Describing module describes the attitude matrix according to the quaternion differential equation, the attitude matrix after determining description；

Attitude angle determining module determines the attitude angle of different moments according to the attitude matrix after the description；

Attitude angle determining module, for determining the attitude angle of different moments according to the quaternion differential equation；

Acceleration obtains module, for obtaining the acceleration in vehicle driving；

Optimum posture angle determining module, for being added with described using the quaternary number of the quaternion differential equation as state variable Noise statistics information is added as observed quantity in speed, optimizes correction to the attitude angle using Kalman filter, really Determine optimum posture angle.

6. the real-time measurement system at body gesture angle according to claim 5, which is characterized in that the direction cosine matrix Determining module specifically includes:

Direction cosine matrix determination unit, for according to formulaDetermine direction cosine matrix； Wherein, ψ is roll angle；θ is pitch angle；γ is course angle；For direction cosine matrix.
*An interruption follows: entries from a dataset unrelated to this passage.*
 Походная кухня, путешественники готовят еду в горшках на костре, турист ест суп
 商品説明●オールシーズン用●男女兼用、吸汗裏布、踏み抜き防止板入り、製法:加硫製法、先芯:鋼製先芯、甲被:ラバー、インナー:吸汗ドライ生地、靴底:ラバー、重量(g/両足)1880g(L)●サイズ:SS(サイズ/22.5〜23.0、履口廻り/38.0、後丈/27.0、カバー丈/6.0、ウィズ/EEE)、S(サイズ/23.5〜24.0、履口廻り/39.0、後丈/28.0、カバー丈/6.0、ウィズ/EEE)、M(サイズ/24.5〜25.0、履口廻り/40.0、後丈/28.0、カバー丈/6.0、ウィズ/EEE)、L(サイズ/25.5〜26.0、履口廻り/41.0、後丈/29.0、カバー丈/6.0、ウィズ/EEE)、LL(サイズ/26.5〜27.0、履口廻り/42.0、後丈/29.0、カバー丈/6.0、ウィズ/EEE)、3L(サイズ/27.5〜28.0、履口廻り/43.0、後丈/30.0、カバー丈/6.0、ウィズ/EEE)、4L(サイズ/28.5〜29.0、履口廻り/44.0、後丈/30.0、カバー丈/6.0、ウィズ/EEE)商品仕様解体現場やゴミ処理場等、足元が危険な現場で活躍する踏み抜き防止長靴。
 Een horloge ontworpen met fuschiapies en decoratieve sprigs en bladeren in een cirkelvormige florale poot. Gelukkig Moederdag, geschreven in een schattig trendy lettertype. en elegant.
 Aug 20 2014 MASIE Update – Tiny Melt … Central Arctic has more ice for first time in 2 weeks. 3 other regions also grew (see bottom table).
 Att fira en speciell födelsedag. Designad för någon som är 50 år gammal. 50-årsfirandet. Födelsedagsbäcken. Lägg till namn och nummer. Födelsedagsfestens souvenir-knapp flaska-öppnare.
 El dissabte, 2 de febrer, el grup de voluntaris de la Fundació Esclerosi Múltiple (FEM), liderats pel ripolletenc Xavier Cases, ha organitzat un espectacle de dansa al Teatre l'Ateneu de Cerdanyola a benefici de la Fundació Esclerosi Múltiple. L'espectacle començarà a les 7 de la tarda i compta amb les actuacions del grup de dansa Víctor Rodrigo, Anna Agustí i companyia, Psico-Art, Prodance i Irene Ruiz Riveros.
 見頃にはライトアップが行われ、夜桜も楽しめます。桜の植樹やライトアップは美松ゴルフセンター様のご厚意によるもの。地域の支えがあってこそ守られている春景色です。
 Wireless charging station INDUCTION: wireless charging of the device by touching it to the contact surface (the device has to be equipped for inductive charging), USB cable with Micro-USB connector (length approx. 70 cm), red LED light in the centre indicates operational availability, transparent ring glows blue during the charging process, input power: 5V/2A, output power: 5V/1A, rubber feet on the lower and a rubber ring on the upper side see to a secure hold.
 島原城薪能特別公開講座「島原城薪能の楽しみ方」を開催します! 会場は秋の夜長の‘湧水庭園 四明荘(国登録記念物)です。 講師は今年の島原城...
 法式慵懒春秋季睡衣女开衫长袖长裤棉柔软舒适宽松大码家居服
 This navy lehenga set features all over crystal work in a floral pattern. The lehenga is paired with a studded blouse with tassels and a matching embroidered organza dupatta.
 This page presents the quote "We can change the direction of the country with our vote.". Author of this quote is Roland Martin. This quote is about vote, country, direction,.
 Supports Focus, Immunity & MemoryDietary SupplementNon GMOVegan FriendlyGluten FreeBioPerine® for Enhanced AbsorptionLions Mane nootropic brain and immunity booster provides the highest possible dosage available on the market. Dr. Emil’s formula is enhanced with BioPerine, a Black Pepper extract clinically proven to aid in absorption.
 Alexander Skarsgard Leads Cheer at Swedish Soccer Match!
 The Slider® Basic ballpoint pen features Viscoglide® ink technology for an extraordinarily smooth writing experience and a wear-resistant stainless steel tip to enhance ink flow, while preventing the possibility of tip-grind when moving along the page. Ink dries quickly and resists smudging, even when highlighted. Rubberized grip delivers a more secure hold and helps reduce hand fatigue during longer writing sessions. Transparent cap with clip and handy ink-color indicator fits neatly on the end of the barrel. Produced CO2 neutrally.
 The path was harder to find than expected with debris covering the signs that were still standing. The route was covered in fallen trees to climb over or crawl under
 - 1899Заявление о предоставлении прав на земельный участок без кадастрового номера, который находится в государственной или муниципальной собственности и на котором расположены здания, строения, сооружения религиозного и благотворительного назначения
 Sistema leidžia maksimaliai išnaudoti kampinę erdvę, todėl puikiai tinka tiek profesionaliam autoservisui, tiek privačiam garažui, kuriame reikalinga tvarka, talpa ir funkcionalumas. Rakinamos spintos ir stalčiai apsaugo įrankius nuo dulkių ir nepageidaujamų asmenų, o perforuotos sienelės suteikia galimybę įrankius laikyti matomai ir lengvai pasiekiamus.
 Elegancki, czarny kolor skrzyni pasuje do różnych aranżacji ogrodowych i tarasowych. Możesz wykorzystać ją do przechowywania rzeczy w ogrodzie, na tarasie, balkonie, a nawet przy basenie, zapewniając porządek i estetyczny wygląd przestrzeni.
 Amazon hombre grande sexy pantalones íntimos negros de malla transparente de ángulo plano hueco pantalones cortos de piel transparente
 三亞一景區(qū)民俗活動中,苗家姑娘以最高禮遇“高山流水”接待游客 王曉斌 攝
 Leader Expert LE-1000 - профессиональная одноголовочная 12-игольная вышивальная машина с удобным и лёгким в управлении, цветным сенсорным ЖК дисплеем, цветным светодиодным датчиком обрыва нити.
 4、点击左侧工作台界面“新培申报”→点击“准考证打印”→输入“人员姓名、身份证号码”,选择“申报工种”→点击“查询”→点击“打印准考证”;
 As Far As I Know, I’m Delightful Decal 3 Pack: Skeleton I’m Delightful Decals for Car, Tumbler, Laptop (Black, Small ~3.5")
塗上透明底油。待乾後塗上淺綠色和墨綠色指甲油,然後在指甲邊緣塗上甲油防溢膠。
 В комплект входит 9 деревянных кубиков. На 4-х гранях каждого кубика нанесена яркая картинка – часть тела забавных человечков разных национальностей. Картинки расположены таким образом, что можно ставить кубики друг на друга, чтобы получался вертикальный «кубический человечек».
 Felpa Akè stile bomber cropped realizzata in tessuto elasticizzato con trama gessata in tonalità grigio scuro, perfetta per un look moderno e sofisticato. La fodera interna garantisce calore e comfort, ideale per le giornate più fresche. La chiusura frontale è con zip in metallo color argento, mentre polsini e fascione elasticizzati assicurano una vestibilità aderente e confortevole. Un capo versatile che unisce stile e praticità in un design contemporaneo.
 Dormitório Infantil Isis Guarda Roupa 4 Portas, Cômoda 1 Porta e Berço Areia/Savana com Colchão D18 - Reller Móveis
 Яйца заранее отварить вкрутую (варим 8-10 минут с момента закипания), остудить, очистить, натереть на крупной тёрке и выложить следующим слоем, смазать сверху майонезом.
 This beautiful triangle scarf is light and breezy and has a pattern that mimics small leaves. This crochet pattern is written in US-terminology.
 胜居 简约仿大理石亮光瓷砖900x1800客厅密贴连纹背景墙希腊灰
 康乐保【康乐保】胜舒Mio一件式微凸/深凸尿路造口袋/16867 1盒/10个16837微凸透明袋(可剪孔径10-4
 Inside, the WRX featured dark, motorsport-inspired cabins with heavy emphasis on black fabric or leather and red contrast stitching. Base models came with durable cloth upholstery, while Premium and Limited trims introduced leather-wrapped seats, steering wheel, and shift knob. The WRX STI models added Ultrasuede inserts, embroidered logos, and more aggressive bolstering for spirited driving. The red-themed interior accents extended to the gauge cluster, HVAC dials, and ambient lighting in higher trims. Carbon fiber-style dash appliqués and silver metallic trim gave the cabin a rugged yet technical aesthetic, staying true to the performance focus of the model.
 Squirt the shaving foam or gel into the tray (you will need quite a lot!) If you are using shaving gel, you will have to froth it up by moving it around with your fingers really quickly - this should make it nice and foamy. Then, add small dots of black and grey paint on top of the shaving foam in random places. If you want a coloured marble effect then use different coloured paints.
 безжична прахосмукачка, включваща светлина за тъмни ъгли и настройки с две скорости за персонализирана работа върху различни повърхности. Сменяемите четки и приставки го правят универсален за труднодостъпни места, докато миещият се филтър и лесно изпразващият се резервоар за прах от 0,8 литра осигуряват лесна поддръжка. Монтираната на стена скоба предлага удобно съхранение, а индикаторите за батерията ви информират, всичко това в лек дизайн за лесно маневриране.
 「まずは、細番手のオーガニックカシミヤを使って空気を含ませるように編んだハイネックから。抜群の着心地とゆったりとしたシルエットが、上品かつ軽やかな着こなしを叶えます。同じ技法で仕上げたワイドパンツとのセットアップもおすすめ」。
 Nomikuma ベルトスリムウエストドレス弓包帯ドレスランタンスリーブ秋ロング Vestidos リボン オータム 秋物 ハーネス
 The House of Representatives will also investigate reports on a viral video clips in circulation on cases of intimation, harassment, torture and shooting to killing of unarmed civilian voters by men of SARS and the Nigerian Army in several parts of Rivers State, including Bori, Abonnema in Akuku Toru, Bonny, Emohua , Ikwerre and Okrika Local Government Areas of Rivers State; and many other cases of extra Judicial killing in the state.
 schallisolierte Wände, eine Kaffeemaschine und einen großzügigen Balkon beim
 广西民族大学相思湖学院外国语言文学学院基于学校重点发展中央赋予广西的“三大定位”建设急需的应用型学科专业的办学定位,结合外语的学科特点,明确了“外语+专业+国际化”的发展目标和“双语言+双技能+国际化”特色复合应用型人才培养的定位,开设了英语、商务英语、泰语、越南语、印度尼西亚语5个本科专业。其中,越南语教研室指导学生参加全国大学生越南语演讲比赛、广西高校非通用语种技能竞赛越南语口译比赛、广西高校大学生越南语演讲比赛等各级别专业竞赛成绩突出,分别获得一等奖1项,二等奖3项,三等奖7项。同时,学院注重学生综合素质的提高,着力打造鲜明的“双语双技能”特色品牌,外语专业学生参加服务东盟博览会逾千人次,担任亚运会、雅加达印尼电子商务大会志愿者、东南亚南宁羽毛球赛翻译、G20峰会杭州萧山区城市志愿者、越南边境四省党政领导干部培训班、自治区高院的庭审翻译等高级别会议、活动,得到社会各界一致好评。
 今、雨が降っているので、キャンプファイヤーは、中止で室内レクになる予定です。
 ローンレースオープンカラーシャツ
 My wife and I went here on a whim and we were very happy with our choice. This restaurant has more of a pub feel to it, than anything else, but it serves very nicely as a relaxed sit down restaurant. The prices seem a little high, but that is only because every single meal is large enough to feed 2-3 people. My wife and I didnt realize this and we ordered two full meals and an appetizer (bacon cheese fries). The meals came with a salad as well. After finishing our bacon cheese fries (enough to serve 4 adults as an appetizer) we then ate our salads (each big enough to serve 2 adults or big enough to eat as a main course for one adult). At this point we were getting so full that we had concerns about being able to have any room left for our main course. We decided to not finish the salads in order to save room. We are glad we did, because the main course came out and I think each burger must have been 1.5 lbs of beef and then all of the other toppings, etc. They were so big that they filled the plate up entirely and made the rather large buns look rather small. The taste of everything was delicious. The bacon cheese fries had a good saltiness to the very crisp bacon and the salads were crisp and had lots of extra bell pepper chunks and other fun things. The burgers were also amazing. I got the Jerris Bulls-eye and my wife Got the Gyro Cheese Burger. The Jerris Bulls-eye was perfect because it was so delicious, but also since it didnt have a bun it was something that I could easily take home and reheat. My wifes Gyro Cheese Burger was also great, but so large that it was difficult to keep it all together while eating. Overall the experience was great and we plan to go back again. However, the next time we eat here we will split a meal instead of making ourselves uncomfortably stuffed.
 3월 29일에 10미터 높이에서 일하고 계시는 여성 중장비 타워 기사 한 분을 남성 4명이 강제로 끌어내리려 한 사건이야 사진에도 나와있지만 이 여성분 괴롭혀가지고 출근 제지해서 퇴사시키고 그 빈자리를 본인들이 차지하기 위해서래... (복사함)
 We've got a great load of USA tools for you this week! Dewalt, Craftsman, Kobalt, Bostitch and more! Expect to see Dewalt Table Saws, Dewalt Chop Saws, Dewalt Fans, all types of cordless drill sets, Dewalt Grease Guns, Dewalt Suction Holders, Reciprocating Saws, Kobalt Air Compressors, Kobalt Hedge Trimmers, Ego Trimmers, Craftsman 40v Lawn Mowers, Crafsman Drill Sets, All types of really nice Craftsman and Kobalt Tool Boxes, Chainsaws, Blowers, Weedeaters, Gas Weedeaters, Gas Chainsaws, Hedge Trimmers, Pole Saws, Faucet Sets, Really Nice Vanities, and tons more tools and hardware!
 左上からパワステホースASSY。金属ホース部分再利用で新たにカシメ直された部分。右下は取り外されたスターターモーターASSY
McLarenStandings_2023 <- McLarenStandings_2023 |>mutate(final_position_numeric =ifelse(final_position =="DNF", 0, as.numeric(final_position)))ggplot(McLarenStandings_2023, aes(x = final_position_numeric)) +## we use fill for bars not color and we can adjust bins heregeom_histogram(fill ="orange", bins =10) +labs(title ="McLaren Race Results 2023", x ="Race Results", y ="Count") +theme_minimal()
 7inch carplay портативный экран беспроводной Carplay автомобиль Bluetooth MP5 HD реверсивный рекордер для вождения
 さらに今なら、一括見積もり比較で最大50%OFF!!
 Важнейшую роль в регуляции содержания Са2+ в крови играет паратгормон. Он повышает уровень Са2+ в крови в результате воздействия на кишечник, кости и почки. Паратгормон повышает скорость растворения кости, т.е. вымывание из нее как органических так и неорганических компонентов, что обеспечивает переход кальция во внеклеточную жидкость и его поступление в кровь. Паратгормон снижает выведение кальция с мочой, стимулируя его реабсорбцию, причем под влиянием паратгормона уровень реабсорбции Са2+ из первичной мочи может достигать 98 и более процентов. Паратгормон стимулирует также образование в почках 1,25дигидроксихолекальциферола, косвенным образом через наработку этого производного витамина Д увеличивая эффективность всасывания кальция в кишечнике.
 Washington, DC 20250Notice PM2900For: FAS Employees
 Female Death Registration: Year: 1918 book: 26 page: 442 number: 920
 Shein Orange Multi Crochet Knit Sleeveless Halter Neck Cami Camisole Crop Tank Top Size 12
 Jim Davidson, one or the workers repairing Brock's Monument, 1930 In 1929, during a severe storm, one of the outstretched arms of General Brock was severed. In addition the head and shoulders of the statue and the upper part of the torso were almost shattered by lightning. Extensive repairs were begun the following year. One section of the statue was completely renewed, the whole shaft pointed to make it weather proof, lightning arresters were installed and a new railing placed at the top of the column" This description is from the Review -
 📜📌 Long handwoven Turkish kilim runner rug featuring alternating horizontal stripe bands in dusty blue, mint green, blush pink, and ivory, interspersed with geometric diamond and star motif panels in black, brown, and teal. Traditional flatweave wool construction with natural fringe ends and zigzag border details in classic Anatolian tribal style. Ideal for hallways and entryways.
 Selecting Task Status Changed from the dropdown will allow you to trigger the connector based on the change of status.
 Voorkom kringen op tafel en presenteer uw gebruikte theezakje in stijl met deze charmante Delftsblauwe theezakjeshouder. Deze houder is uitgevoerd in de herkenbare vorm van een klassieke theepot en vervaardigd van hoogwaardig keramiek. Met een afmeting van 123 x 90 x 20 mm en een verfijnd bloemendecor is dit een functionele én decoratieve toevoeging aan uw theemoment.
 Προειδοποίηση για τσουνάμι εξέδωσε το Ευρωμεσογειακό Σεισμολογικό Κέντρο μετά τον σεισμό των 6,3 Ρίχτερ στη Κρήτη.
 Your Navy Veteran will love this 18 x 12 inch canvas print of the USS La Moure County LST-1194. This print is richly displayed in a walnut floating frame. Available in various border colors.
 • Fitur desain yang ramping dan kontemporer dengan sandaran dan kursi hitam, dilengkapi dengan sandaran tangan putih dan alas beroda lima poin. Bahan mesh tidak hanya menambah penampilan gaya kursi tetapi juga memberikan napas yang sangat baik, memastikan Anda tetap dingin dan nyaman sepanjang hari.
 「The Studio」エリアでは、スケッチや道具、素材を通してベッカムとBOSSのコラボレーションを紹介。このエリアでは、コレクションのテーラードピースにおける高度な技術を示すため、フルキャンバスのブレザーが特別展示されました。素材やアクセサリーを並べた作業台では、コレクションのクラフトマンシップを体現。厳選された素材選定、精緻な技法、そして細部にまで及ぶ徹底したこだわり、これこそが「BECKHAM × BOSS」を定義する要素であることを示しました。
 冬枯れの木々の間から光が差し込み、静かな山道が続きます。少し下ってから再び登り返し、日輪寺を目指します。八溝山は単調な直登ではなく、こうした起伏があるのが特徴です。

7. the real-time measurement system at body gesture angle according to claim 5, which is characterized in that the quaternary fractional differentiation side Journey determining module specifically includes:

Quaternion differential equation determination unit, for according to formulaDetermine quaternion differential equation；Wherein, q₀(k+ 1)、q₁(k+1)、q₂(k+1)、q₃It (k+1) is the value of (k+1) moment quaternary number, q₀(k)、q₁(k)、q₂(k)、q₃It (k) is the k moment The value of quaternary number, Δ θ_xFor the rotation angle in the unit time in the direction of the x axis；Δθ_yFor in the unit time in the y-axis direction Rotate angle；Δθ_zFor the rotation angle in the unit time in the z-axis direction.

8. the real-time measurement system at body gesture angle according to claim 5, which is characterized in that the attitude angle determines mould Block specifically includes:

Quaternary number solves unit, for solving quaternary number according to the quaternion differential equation；

Three axis angular rate acquiring units, for obtaining three axis angular rates；

Quaternary number updating unit determines updated quaternary number for updating quaternary number according to three axis angular rate；

Attitude angle determination unit is used for the attitude matrix according to the updated quaternion representation, the appearance after determining description State matrix.